> _Input data_:
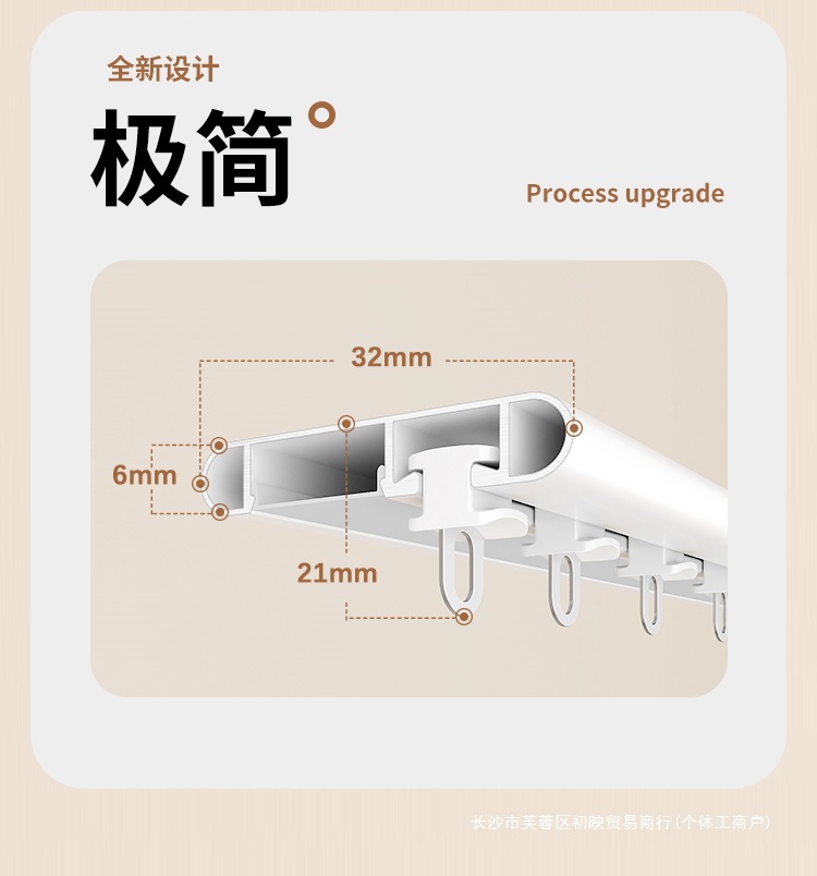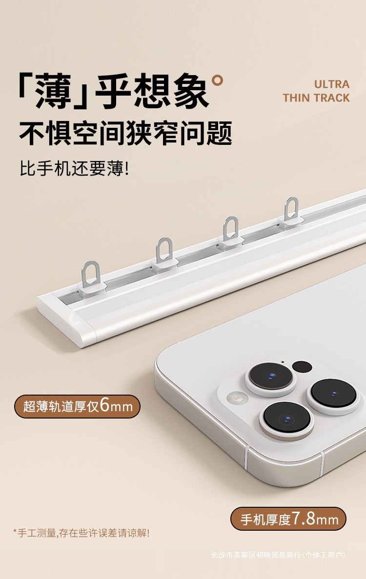 측면 장착형 커튼 트랙, 펀치 없음, 초박형 일체형 알루미늄 합금 무소음 슬라이드 레일, 플로어 창 커튼 박스 후크 유형
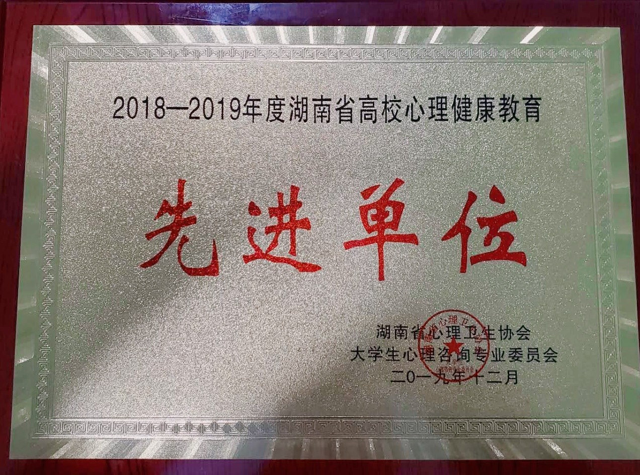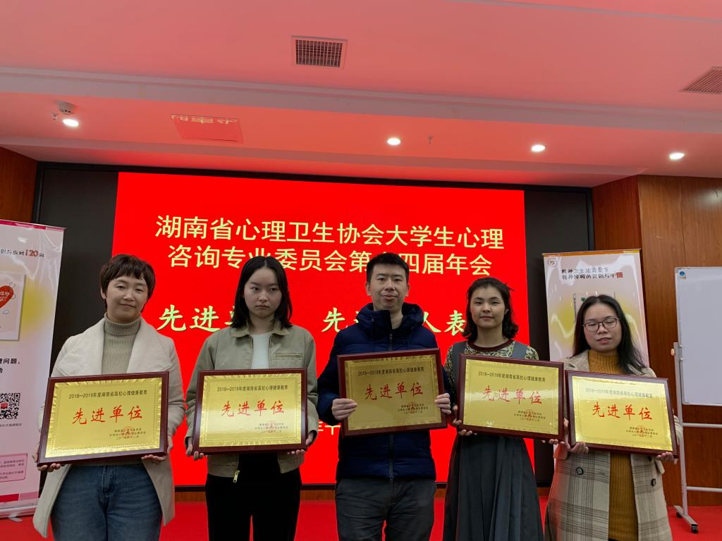 2019年12月14日至15日,湖南省心理卫生协会大学生心理咨询委员会第十四届学术年会在长沙召开。会议对湖南省高校年度先进单位和先进个人给予了表彰。我院获评2018-2019年度湖南省高校心理健康教育先进单位,院心理专干马翔老师获评湖南省高校心理健康教育先进个人。
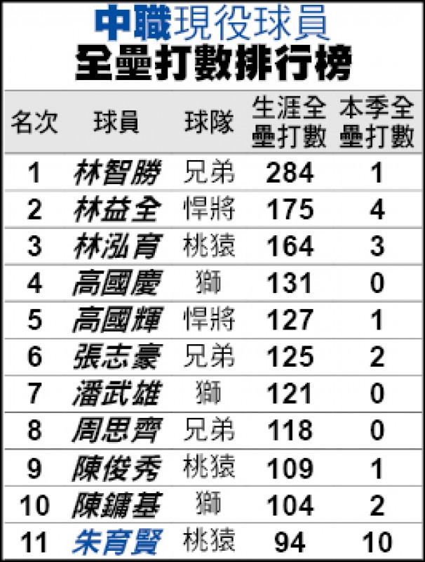 28歲的朱育賢開季13場就擊出10發全壘打,已改寫中信兄弟林智勝的最快紀錄,以目前態勢看來,他不但有望挑戰自己的半季22轟紀錄,更有機會成為中職首名單季40轟打者。朱育賢目前累積94轟,有望在本月成為中職史上第22名百轟球員。
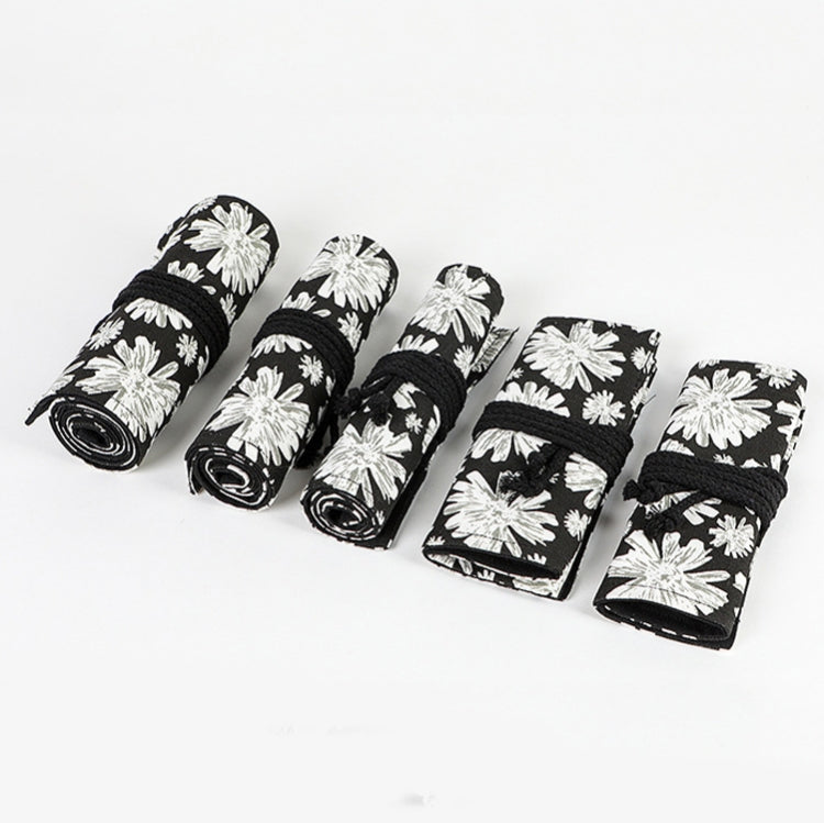 48 Holes Snowflake Print Handmade Canvas Pen Curtain Large Capacity Roller Pen Bag Sketch Color Pencil Stationery Box
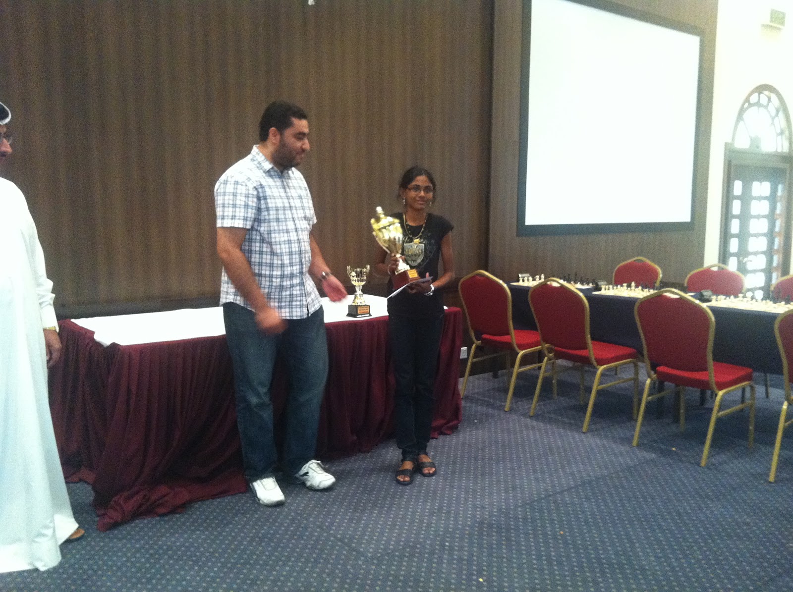 Mr Ali Al Sulaiti ( representing the Bahrain Chess Club who sponsored the Prizes )
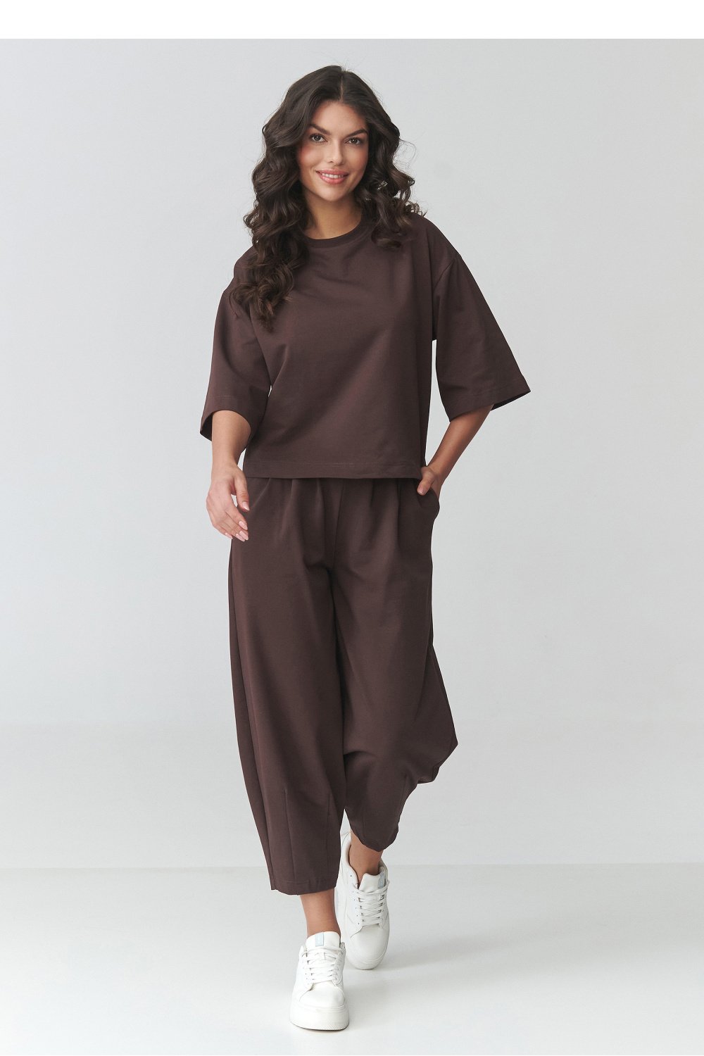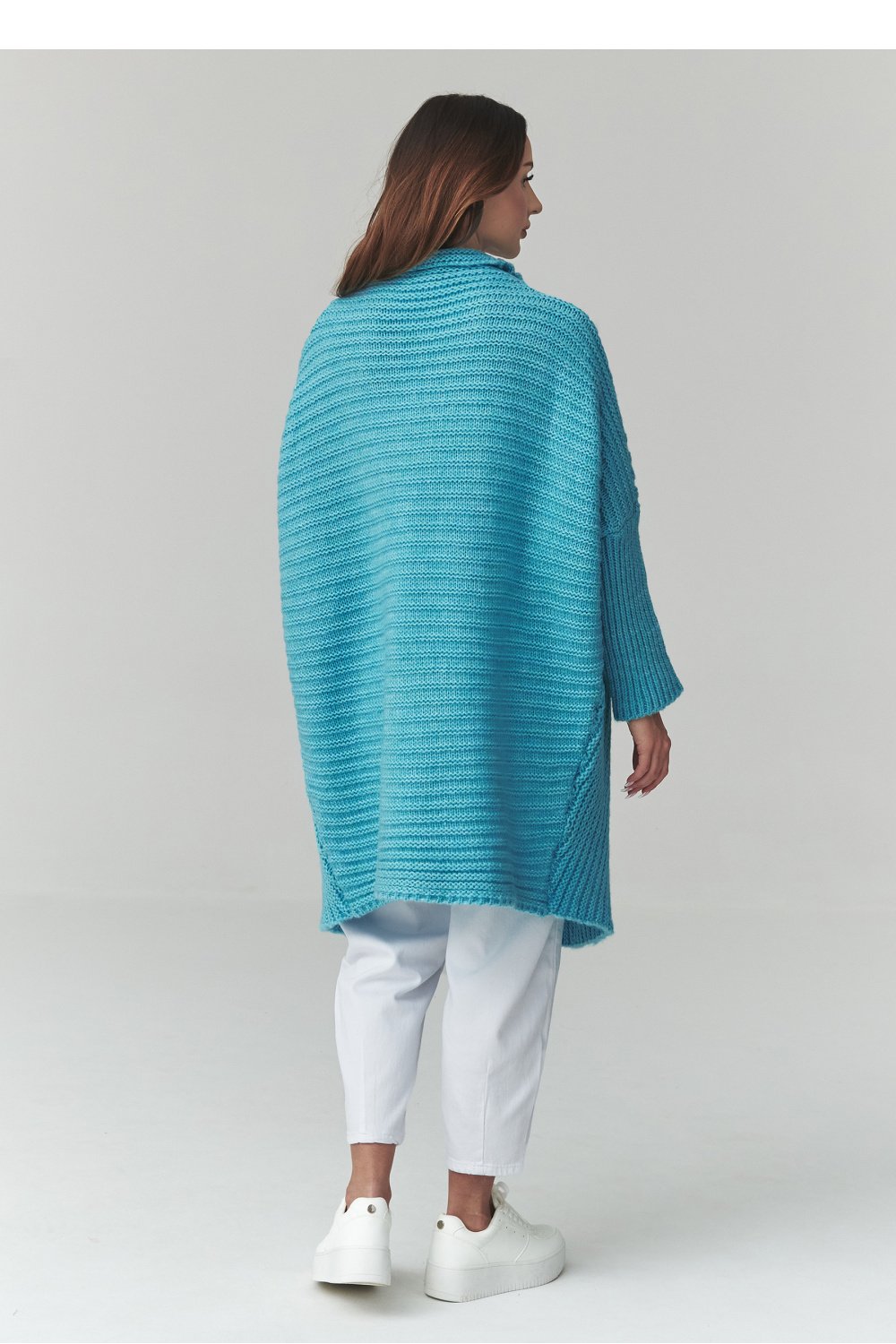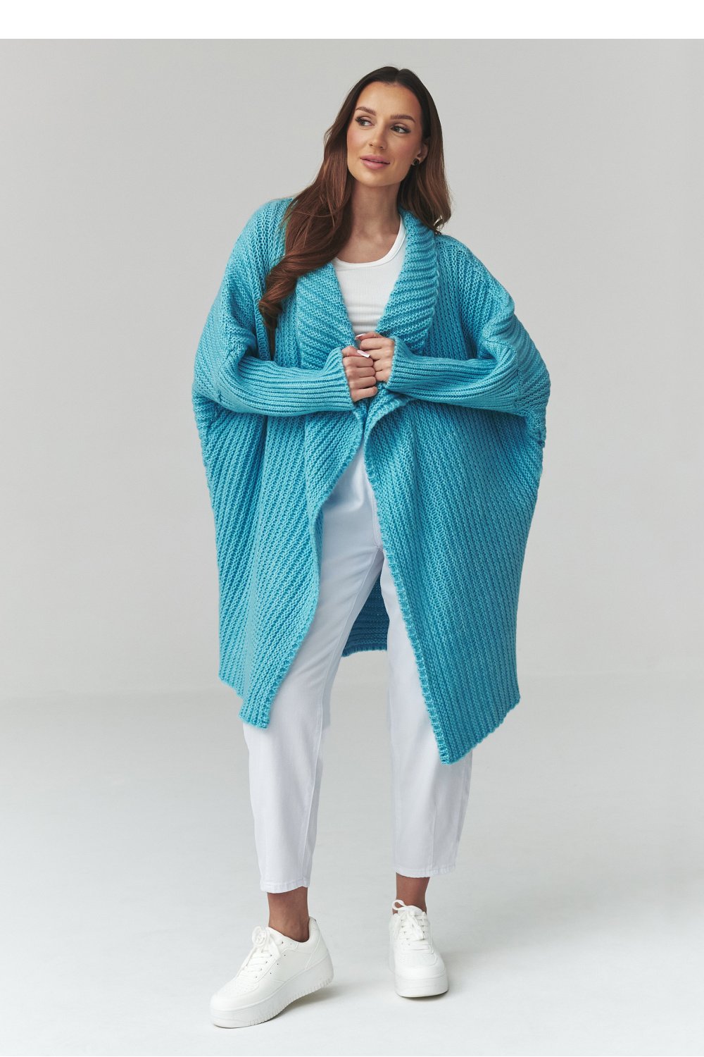 This long women’s sweater is a perfect choice for women who value comfort, style, and timeless design. The cardigan-style model stands out with its loose cut, which fits perfectly on the silhouette and provides full freedom of movement. The trendy oversized sweater will work great in both everyday stylings and more elegant combinations. Made of pleasant to the touch knitwear, the women’s cardigan ensures wearing comfort and proper insulation on cooler days. The characteristic material weave gives it a unique look, and the longer cut makes the long oversized sweater perfect for pants, leggings, or dresses. The versatile women’s sweater for everyday wear can be easily matched to many stylings, from casual to more urban ones. It is an ideal wardrobe piece for women looking for a fashionable women’s cardigan combining comfort and style.

> _Assignment_: What you return must match the lines from the top of the data through the line with "28歲的朱育賢開季13場就擊" exactly, with the pictures removed.

> _Answer section_:
 측면 장착형 커튼 트랙, 펀치 없음, 초박형 일체형 알루미늄 합금 무소음 슬라이드 레일, 플로어 창 커튼 박스 후크 유형
 2019年12月14日至15日,湖南省心理卫生协会大学生心理咨询委员会第十四届学术年会在长沙召开。会议对湖南省高校年度先进单位和先进个人给予了表彰。我院获评2018-2019年度湖南省高校心理健康教育先进单位,院心理专干马翔老师获评湖南省高校心理健康教育先进个人。
 28歲的朱育賢開季13場就擊出10發全壘打,已改寫中信兄弟林智勝的最快紀錄,以目前態勢看來,他不但有望挑戰自己的半季22轟紀錄,更有機會成為中職首名單季40轟打者。朱育賢目前累積94轟,有望在本月成為中職史上第22名百轟球員。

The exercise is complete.